The Collective Bargaining Agreement Opt-Out Provision: Section 8 of AB 60 adds section 514 to the Labor Code, which makes AB 60's overtime and meal period provisions inapplicable to employees who are covered by a collective bargaining agreement (“CBA”), if the CBA expressly provides for the wages, hours and working conditions of the employees, and provides a regular hourly wage rate for those employees of not less than 30 percent more than the state minimum wage, and “provides premium wage rates for all overtime hours worked.” If a CBA meets these provisions for the opt-out, the workers covered by the CBA are not entitled to statutory overtime; rather, they will receive premium pay for all overtime hours worked, as provided by the CBA. This is somewhat different from prior law, in that the opt-out under the IWC orders had required payment of a regular rate of at least $1 an hour more than the state minimum wage; and under the new “30 percent above” formula, the required regular rate would now be seven dollars and 47 and a half cents ($7.475) per hour.  And of course, future increases in the state minimum wage will automatically result in increases in the regular rate required for the opt-out. If the opt-out requirements are met, workers are paid for all hours worked in accordance with the provisions of the CBA.  It should be remembered, however, that there is no CBA opt out under the Fair Labor Standards Act, which requires payment of overtime at the rate of one and one half the regular rate of pay for all hours worked in excess of 40 in a workweek.

 

The term “premium wage rates” are not defined in AB 60 or in the IWC orders.  The term has always been interpreted to mean any wage rate in excess of the applicable straight time regular hourly rate of pay.  There is no indication that the Legislature intended this term to be interpreted in any other manner.  Indeed, it would make no sense to interpret the term as synonymous with a statutory overtime rate such as one and a half times the regular rate, since the very purpose of an opt-out provision is to allow for an alternative to the minimum standard that would otherwise be required by statute.  The amount by which the premium exceeds the regular rate is left to the parties to negotiate; we will recognize any rate higher than the regular rate as a premium. 

 

We have received several inquiries regarding the meaning, within section 514, of the term “all overtime hours.”  The one thing it cannot mean is all hours worked in excess of eight in a day without regard to any definition of overtime that might be contained in the CBA, since such a meaning would prohibit unions from collectively bargaining for the very same alternative workweek schedules that non-unionized workers could adopt under AB 60 -- that is, work schedules of up to 10 hours a day (and 12 hours a day in the health care industry) without the payment of daily overtime or premium pay.  There is nothing to indicate that the Legislature intended such a peculiar result.  The IWC’s post-AB 60 regulations may provide further guidance on the parameters of the CBA opt-out.

 

As with any other wage claims that are filed with DLSE by employees covered by a CBA, any claims for overtime where a CBA is involved must be reviewed by DLSE Legal in accordance with the consent decree in Livadas v.
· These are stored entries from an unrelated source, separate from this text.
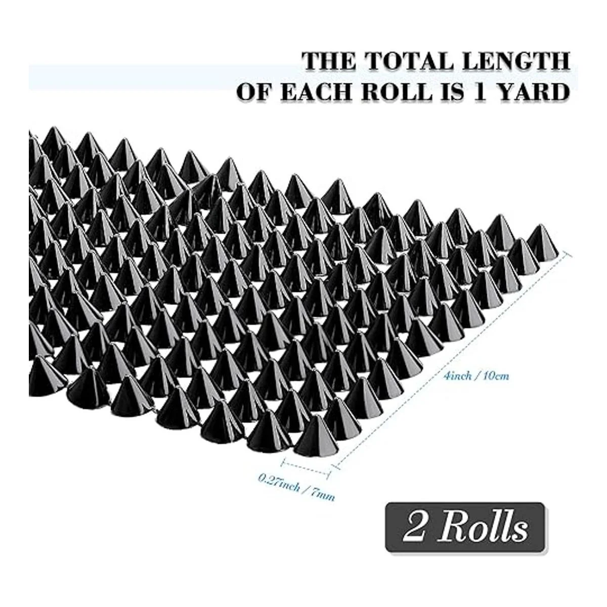 2 yardas de costura en espiga para manualidades, clavos de cono, remaches, cuentas de adorno punk de espalda plana para ropa, boda, actuación, arte y manualidades negro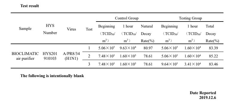 A/PR8/34(H1N1型)のインフルエンザウイルスは83〜85%以上の除菌に成功しています。
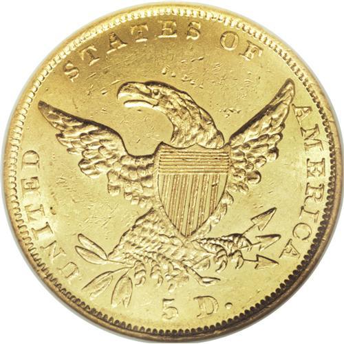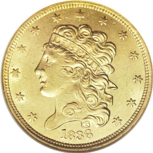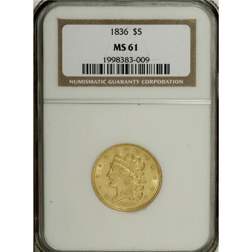 <B>1836 $5 MS61 NGC.</B></I> Second Head, Large Date, Breen-6509, McCloskey 4-C, R.3. From a mintage of well over a half-million pieces, this is the second-most common issue of the Classic Head half eagle type. This Mint State example boasts shimmering luster and light greenish coloration. Numerous small marks define the grade.<BR><BR><b>Shipping:</b> Coins & Currency (<a target="_blank" href="http://www.heritageauctions.com/common/shipping.php">view shipping information</a>)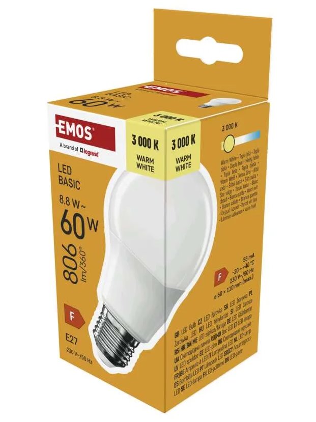 LED žárovka Basic A60 / E27 / 8,8 W (60 W) / 806 lm / teplá bílá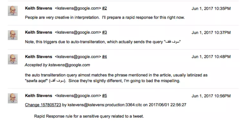 Leaked documents, titled ‘covfefe Translate Easter egg,’ reveal how Google raced to scrub the Arabic word “covfefe” and it’s meaning “I will stand up.” According to the document they knew the meaning of the Arabic word. Despite that, they set out to replace it with a shrug emoji. pic.twitter.com/Cvc3frJWA4

Bradshaw.            

 

Administrative, Executive and Professional Exemption: Section 9 of AB 60 adds section 515 to the Labor Code.  This is the section that codifies, with some very significant changes from prior law, the administrative, executive, and professional exemptions from overtime.  First, there are two ways in which AB 60 merely codifies pre-existing California law.  As was the case under the IWC orders, there is no exemption, no matter how highly the employee may be paid, unless the employee is “primarily engaged” in exempt work, and the term “primarily” is defined as more than one-half the employee’s work time.  Thus, state law continues to differ from federal law, which is less protective of workers; in that under federal law, the focus is on the employee’s “primary duty,” and an employee may be found to have a “primary duty” as a manager even if the worker spends most of his or her work time performing non-exempt tasks.  In contrast, state law looks to what the worker is “engaged in,” that is, what is the worker physically doing. 

 

AB 60 also codifies California’s pre-existing fixed workweek method for calculating overtime compensation owed to a non-exempt salaried employee, a method that was approved by the courts 15 years ago in the Skyline Homes case.  Under this method, the salary paid to a non-exempt salaried employee only covers the 40 non-overtime hours of the workweek; it does not serve to compensate the worker for any overtime hours worked.  This weekly salary must be divided by 40 to establish a regular hourly rate of pay, which is then the basis for all overtime calculations.  Overtime hours worked are then paid at either one and one half times the regular rate, or double the regular rate, as required.  This contrasts with the less protective federal fluctuating workweek method, under which a salary paid to a non-exempt employee is deemed to cover all hours worked (including overtime hours); so the more overtime hours worked, the lower the regular rate of pay, and so that overtime hours worked are only paid at one-half the employee’s regular rate of pay.  AB 60 does not change the method of computing overtime compensation for employees who are paid on a commission or piece rate basis; which under both state and federal law is based on a fluctuating workweek whereby total weekly commission or piece rate earnings are divided by the total number of hours (including overtime hours) worked in the week to compute the regular rate of pay; and overtime hours are then compensated at one-half this regular rate of pay.

 

To be sure, AB 60 brings about some very significant changes in the administrative, executive and professional exemptions.  Under prior law, there was no minimum remuneration or salary requirement for the professional exemption.  Under Labor Code section 515, the professional exemption is subject to the same minimum salary requirement as the administrative and executive exemption.  The so-called “remuneration” requirement under prior law is now changed to a requirement of a monthly salary, equivalent to no less than twice the minimum wage for full time work (defined as employment for 40 hours per week), which would now require a salary of at least $1,993.33 per month.  Since the required salary is set as a multiple of the minimum wage, future increases in the state minimum wage will result in corresponding increases in the threshold salary for the exemption.  The value of any payments in kind, or other forms of remuneration (such as employer provided meals or lodging) cannot be used as a credit against this required minimum salary.  The legislative intent in switching from remuneration to salary was to explicitly adopt the federal salary basis test, to the extent that it is consistent with California wage and hour law.  Thus, employees who are paid on the basis of an hourly wage, or commissions, or piece rates, cannot be exempt from payment of overtime under the administrative, executive or professional exemptions.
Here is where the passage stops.